In an interview in today's Sun, Carlisle claimed he tried to take his own life just three days before Christmas when he jumped in front of a lorry. Carlisle was charged with an alleged drink driving offence just days before his suicide bid and now Little has come out and questioned his story.

Little tweeted today: "Oh dear. Looks like Clarke Carlisle's going to get away with it - AGAIN. #Teflon #nonstick.

"Seems people want context about previous tweet. So let me say, I know the full story and it's not what's portrayed in the media. That's all.

"On reflection some of you are right - that tweet requires context. So bear with - driving. Bout 20 mins.

"Ok, back now so here goes, but this will be be over a few so hear them out before steaming in, and I'll try and explain...

"It's coming, it's coming."

Clarke himself got involved when he tweeted from his wife's account.

"@RalfLittle Hi Ralf, it's Clarke here. I have seen you once in 10 years,and that was to apologise for my repulsive behaviour as a young man.

"@RalfLittle I know you have you're right to your opinion, but I've got to say, I sincerely hope that you're not the same person you were 10.

"@RalfLittle years ago, as I very much am not. I hope you are well, happy and enjoying your excellent career. I pray depression never bites x."

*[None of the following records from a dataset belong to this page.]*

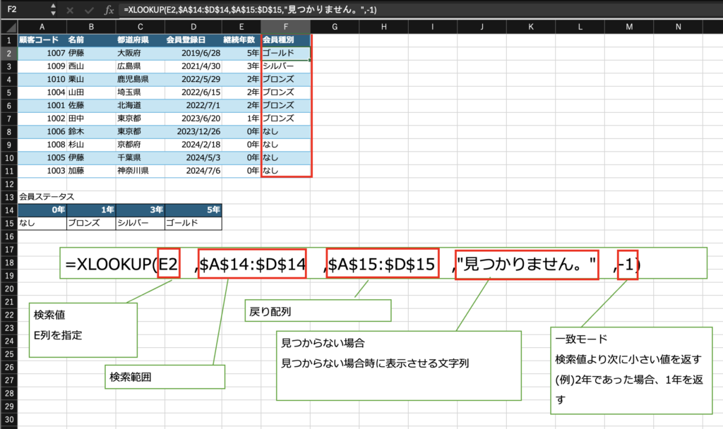 | [見つからない場合] | 有効な一致が見つからない場合は、 [見つからない場合] テキストを返す ※指定しなかった場合、#N/Aを返す |
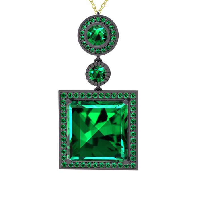 Yeşil kuvars 925 ayar siyah rodyum kaplama gümüş kolye (40 cm gümüş rolo zincir)
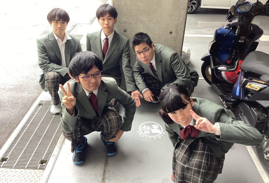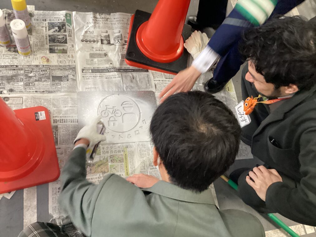 今日は交通安全課と生活安全課の方が来校され、路面にペイントするときに使用するプレートを披露してくださり、生徒とともに本校の駐輪場に記念ペイントを行いました。
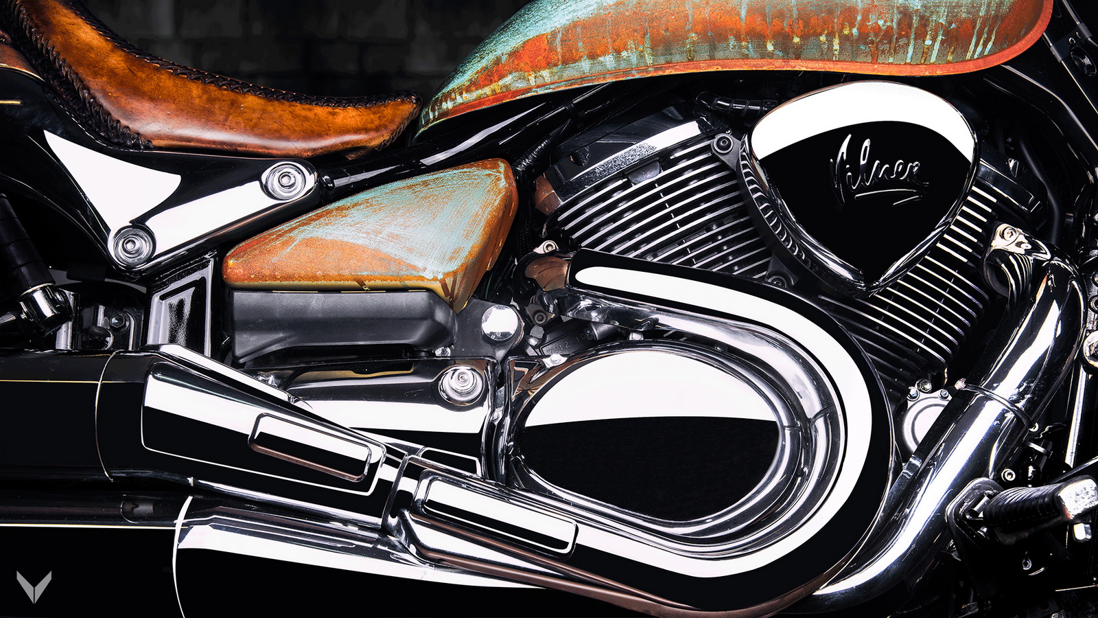 Completing the motif is the natural vegetable-tanned leather that has been hand carved using traditional techniques. The bull’s skull and also the ‘V’ logo present on the seat goes well with the 328 kg (723 lbs) bike’s 1462 cc, 68 hp, 115 Nm (84 lb-ft), V-Twin engine.
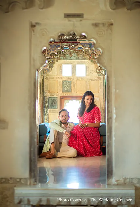 The couple decided to host an intimate destination wedding at the stylish RAAS Devigarh that boasts of 39 cool suites. The festivities at this imposing hill-side venue overlooking a village were planned by Trailblaze Productions, and the task of capturing their special moments was entrusted to the team of The Wedding Crasher. The couple share, “We had a great time working with The Wedding Crasher, they captured every moment special to us and the overall experience was seamless.”
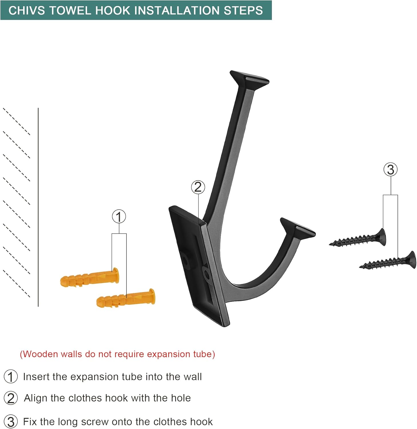 Our hooks are designed with double hooks, hanging jackets, coats, hats, scarves, towels, keys, umbrellas, bags, Christmas stockings and Christmas wreaths to keep your home organized. Perfect for bathrooms, bedrooms, kitchens, closets, hallways, entrances and more. Recommended for installation on solid wood or wooden surfaces. Just choose where you want to install. Drill holes and screw the wall hooks into place for easy installation.
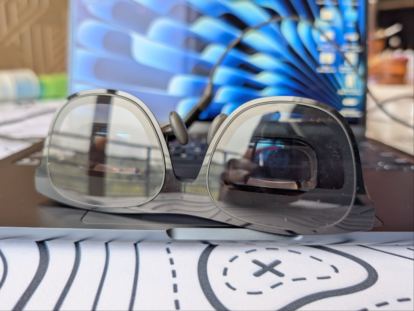USB 线缆来自耳后,足够长,可以连接面前桌上的笔记本电脑或放在口袋里的手机。它既不会增加眼镜的重量,也不会碍事,所以这是个优点。
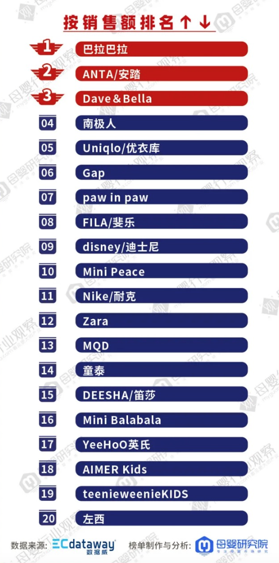 由數(shù)據(jù)威整理的2021天貓618童裝終極榜單顯示,2021年6月1日至6月20日,天貓童裝銷售額TOP10分別是巴拉巴拉、安踏、Dave&Bella、南極人、優(yōu)衣庫、Gap、paw in paw、斐樂、迪士尼、Mini Peace。
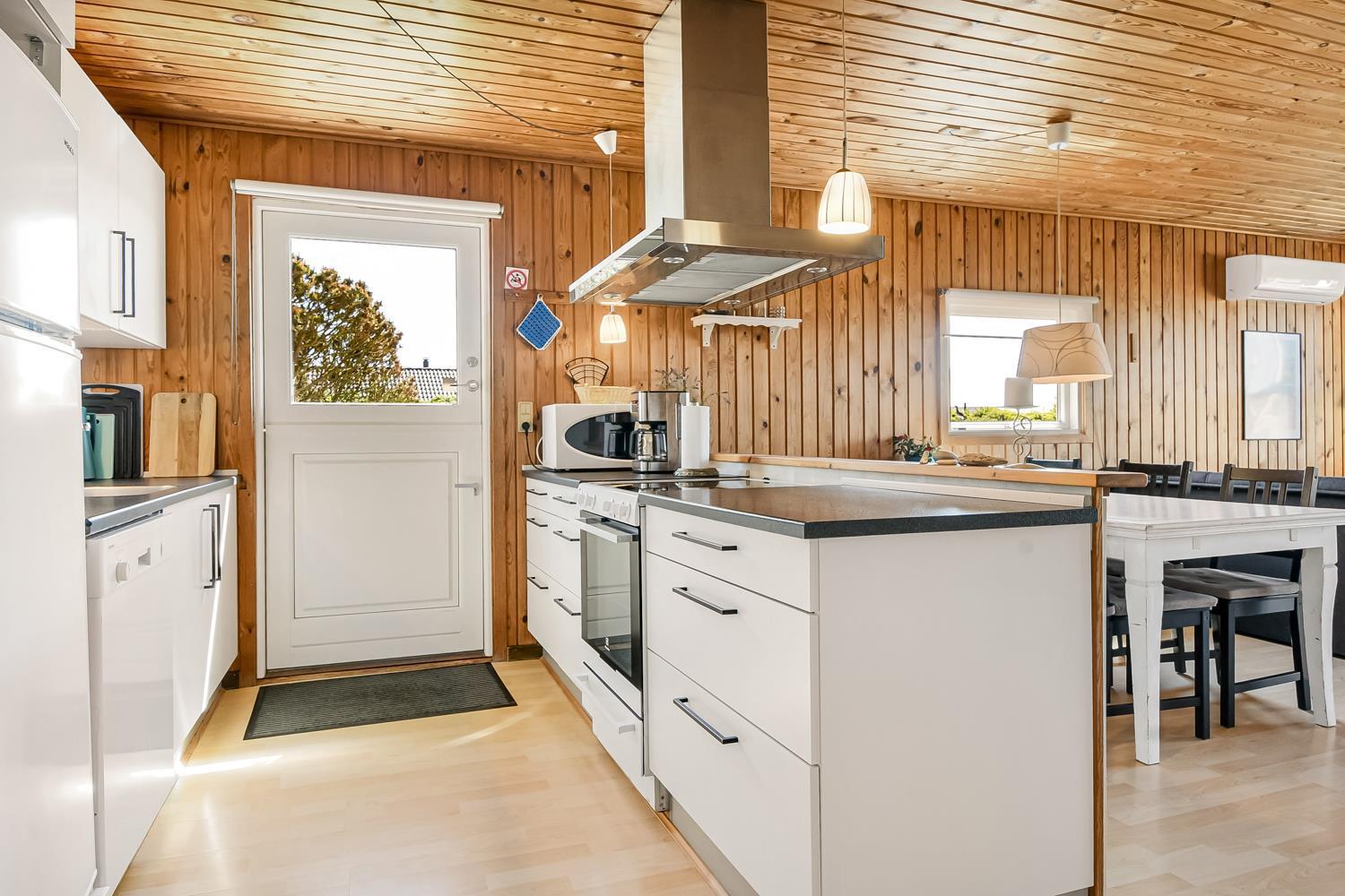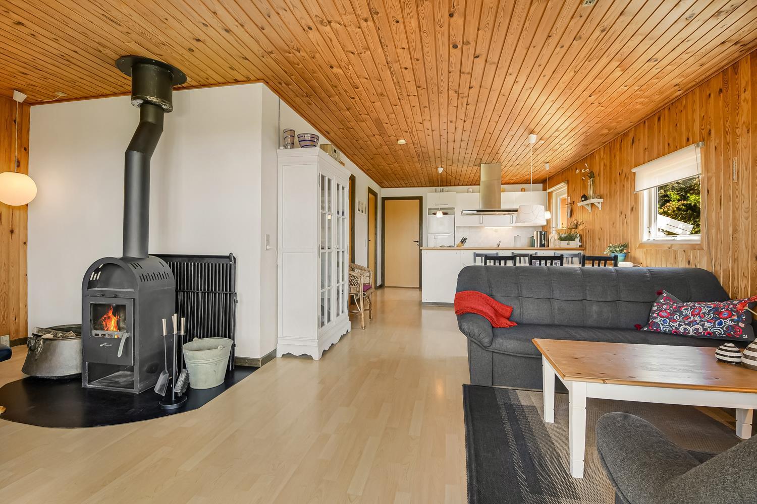 Holzhaus mit gemütlicher Möblierung. Holz und Teppichböden, Wände und Decken aus Holz. Küche mit Spülmaschine, Mikrowelle und 15 Liter Gefrierfach. Wohnzimmer mit Kamin, DVD, Sat-TV und Stereoanlage mit CD 3 Schlafräume: (DB) + (DB) + (4K). Waschmaschine. Das Haus hat Kostenlosen Internetanschluss.(selber Computer mitbringen) Badezimmer mit Dusche, Fussbodenheizung und Waschmaschine und direkt zugang zu Sauna. Off. und überdachte Terrasse mit Gartenmöbeln. Kinderbett und Hochstuhl. 1 Haustier erlaubt.;. Nichtraucher-haus.
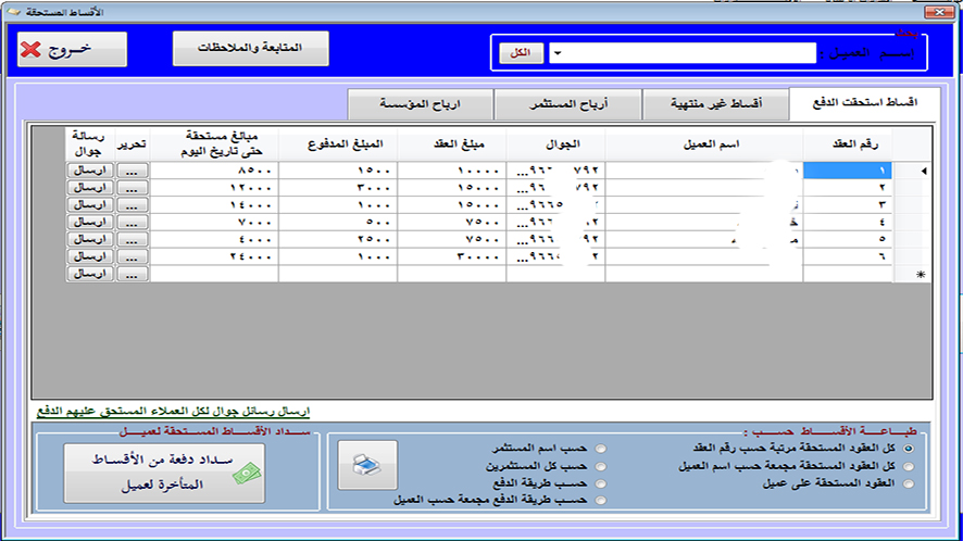 • يمكن تفعيل نظام رسائل الجوال وإرسال رسائل للعملاء باستحقاق المبالغ والمبالغ المتبقية والمبالغ المدفوعة
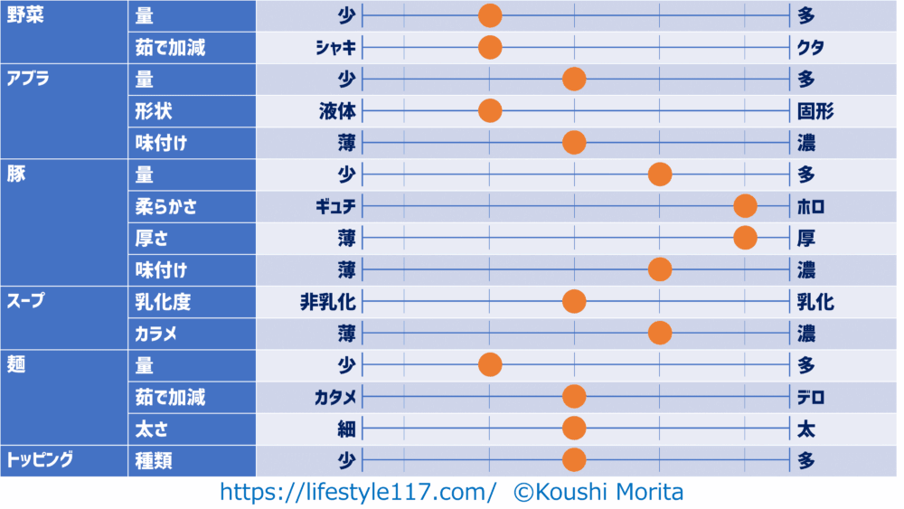 私は原則ニンニクを入れない(妻に怒られるので)ため、項目からニンニクは除外しています。
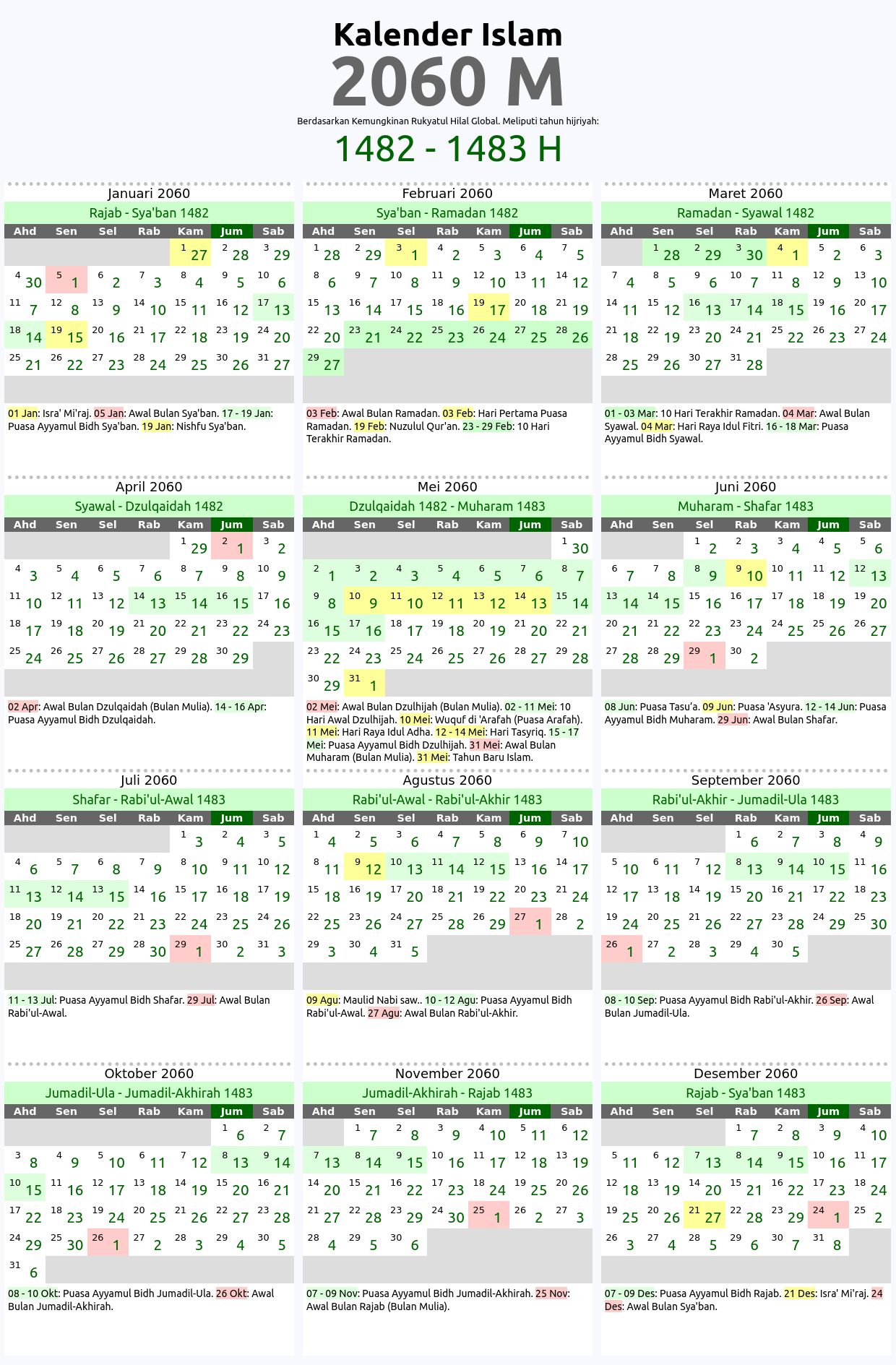 Kalender islam global tahun 2060 M ini berdasarkan kaidah imkan rukyat global di mana awal bulan hijriyah dihitung berdasarkan penampakan hilal di daratan mana saja di dunia ini. Kalender hijriyah 2060 M ini meliputi tahun islam: 1482, 1483 H. Tabel penanggalan atau tarikh islam yg ditampilkan ditandai dengan beberapa kode warna sesuai dengan jenis tanggalnya seperti: awal bulan hijriyah 2060 M, hari-hari besar umat islam 2060 M, serta tanggal puasa sunnah dan wajib tahun 2060 M.
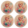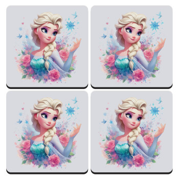 Elsa Princess, ΣΕΤ 4 Σουβέρ ξύλινα τετράγωνα (9cm)
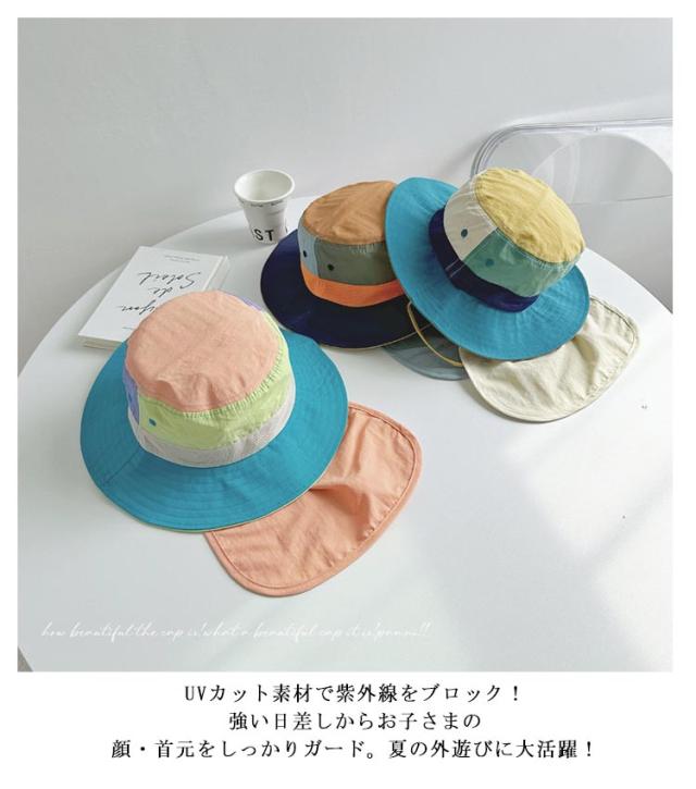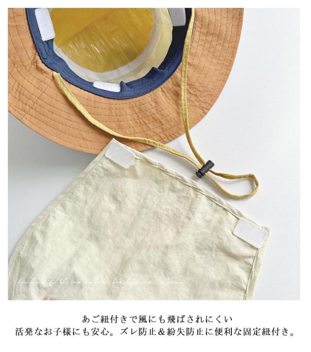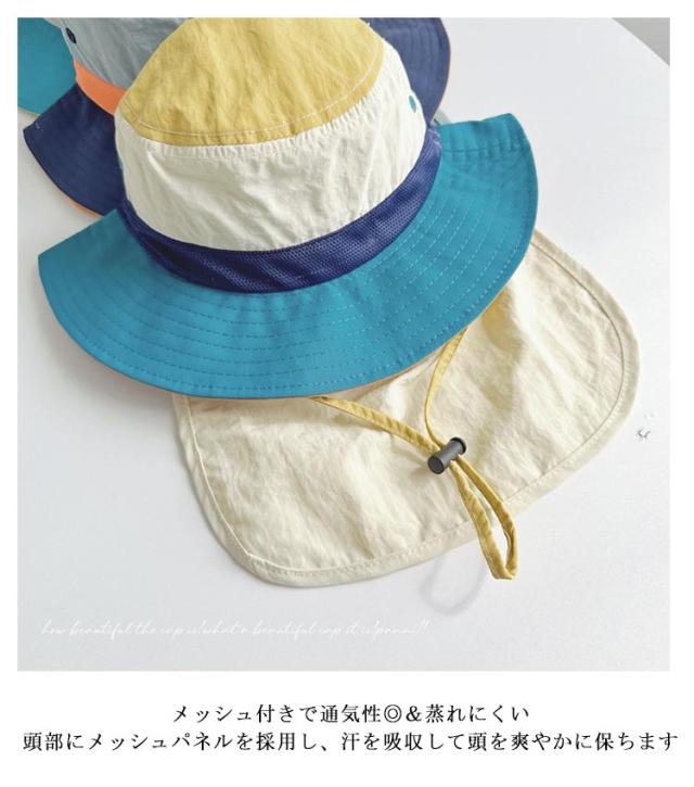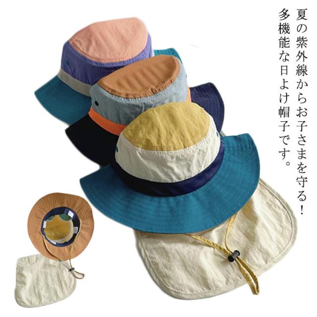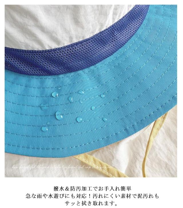 キッズ 日よけ帽子 女の子 男の子 水陸両用 UVカット あご紐 ネックカバー付き メッシュ 撥水 防汚 つば付き マジックテープで取り外し可能 熱中症対策 紫外線対策 UV対策 涼しい 日除け 小学生 保育園 幼稚園 送料無料
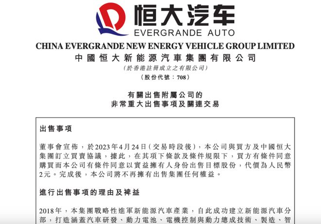 为加大融资机率,4月24日晚间,中国恒大和恒大汽车在港交所同时发布公告,以2元的价格将恒大汽车旗下47个住宅及物业发展项目卖给了恒大集团。而这47个住宅及物业发展项目,最早可追溯到恒大汽车发展早期,当时恒大集团为推动恒大汽车上市,将恒大健康集团旗下的养生地产项目打包注入了恒大汽车,港股上市公司恒大健康也因此改名为恒大汽车。

Carlisle told the Sun today: "I had to die. This wasn't escaping or running away. This was the perfect answer. It made everyone happy and it ticked every box. I took two steps into the road and then jumped into the truck, like a full shoulder charge. I can remember that impact. Bang. Then lights out. I don't know how long had passed. It must have been a few minutes."

But Little went on to release a longer statement about his history with Carlisle involving "money, lies and on one notable occasion being interrogated by the police".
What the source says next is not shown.